Amid predictions of teacher shortages, high school teacher cadet programs began spreading in the mid-1980s. These programs often allow students in high school to take one or more elective courses related to teaching. High school teacher cadet programs is an innovative approach to recruiting talented youth to the teaching profession.

The South Carolina Teacher Cadet Program has served as a premier national model of these types of programs. Piloted in four South Carolina high schools in 1985-86, the program has grown to partner with 188 South Carolina high schools. Individuals in the program report that the coursework and field experience offered increased their knowledge of the teaching profession and more than 71,500 students have participated in the program’s 35-year history. 

  1. Teaching Residencies

Similar to the medical residency model, teacher residences provide aspiring teachers with a rigorous full-year classroom apprenticeship with a masters-level education. Teacher residency programs offer a unique blend of theory and practice. Residents receive a stipend for living expenses throughout their training year. Additionally, residents receive a subsidized master’s degree upon completion of the residency.

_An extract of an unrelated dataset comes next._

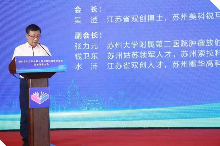 姑苏区委常委、副区长张文彪对苏州白鹭紫荆科技产业园运营有限公司、江苏中科院育成科技服务中心有限公司等2018年姑苏区创新创业人才项目社会化引进合作单位进行了授牌。
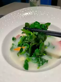 Spring rolls are a specialty, and pairing them with shepherd's purse is innovative

CREATE is a teacher residency program at Georgia State University. Through a three-year residency, new teachers are offered a comprehensive support system. Residents can serve at charter schools through a partnership with the Atlanta Neighborhood Charter School’s Center for Collaborative Learning.

  1. Relationship-based Recruitment

Building personal relationships with diverse students at institutions of higher education can be an effective strategy in diversifying the teacher pipeline. Hosting targeted events to connect with upcoming candidates can allow recruiters to build meaningful relationships with potential educators. Districts benefit from connecting with potential candidates before they decide to apply.

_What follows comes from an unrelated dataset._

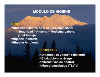 El documento trata sobre higiene industrial y ambiental. Explica que la higiene se ubica dentro de la salud ocupacional y abarca procesos como diagnóstico, evaluación de riesgos y alternativas de control. También describe los componentes de una empresa y la administración y gestión de riesgos para lograr objetivos empresariales de manera rentable y sostenible en el tiempo.

School leaders at Valor Collegiate Academies have maintained a strong commitment to minority staff recruitment. Significant staffing and budget resources are dedicated to meet the charter school network and school staff diversity goals. Valor has a staff member whose responsibilities include teacher recruitment. This member attends job fairs throughout the country to promote the school. The network also budgets $20,000 per year to fly in high-quality teaching candidates for interviews, a barrier for many applicants of color. 

  1. College Fellows

Education fellowships for college students offer unparalleled opportunities for hands-on experiences. Some fellowships also offer college students an opportunity to pursue their master’s degree as a part of the program or help students finance a graduate or postgraduate education. Other fellowships offer immersive internships for college students.

The Walton-UNCF K-12 Education Fellowship—the program I am participating in this summer—is a talent and leadership initiative aimed at building a pipeline of high-achieving Black students engaged in education. Walton Fellows are exposed to professional careers at leading K-12 education organizations and schools as they approach their senior year of college. As a Walton-UNCF fellow serving at the National Alliance, I can attest to the fact that this fellowship provides a unique opportunity to contribute to the greater efforts of educational organizations throughout America.

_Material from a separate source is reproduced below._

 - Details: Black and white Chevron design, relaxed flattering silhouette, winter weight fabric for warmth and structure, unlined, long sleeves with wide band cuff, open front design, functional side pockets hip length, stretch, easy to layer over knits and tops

While the above resources for recruiting teachers of color should be a consideration for every school, we know that putting these measures in place is only the first step. Schools also need to provide supports for their teachers of color to thrive and a pipeline for them to advance.

But it is always good to take the first step.

 

Zoie Jones is a 2020 Walton-UNCF K-12 Education Fellow serving with the National Alliance for Public Charter Schools. She is a rising senior at Spelman College, a historically black college and university in Atlanta, majoring in Elementary Education. After graduation, Zoie aspires to become a teacher focusing her efforts on educating and inspiring children from low-income communities.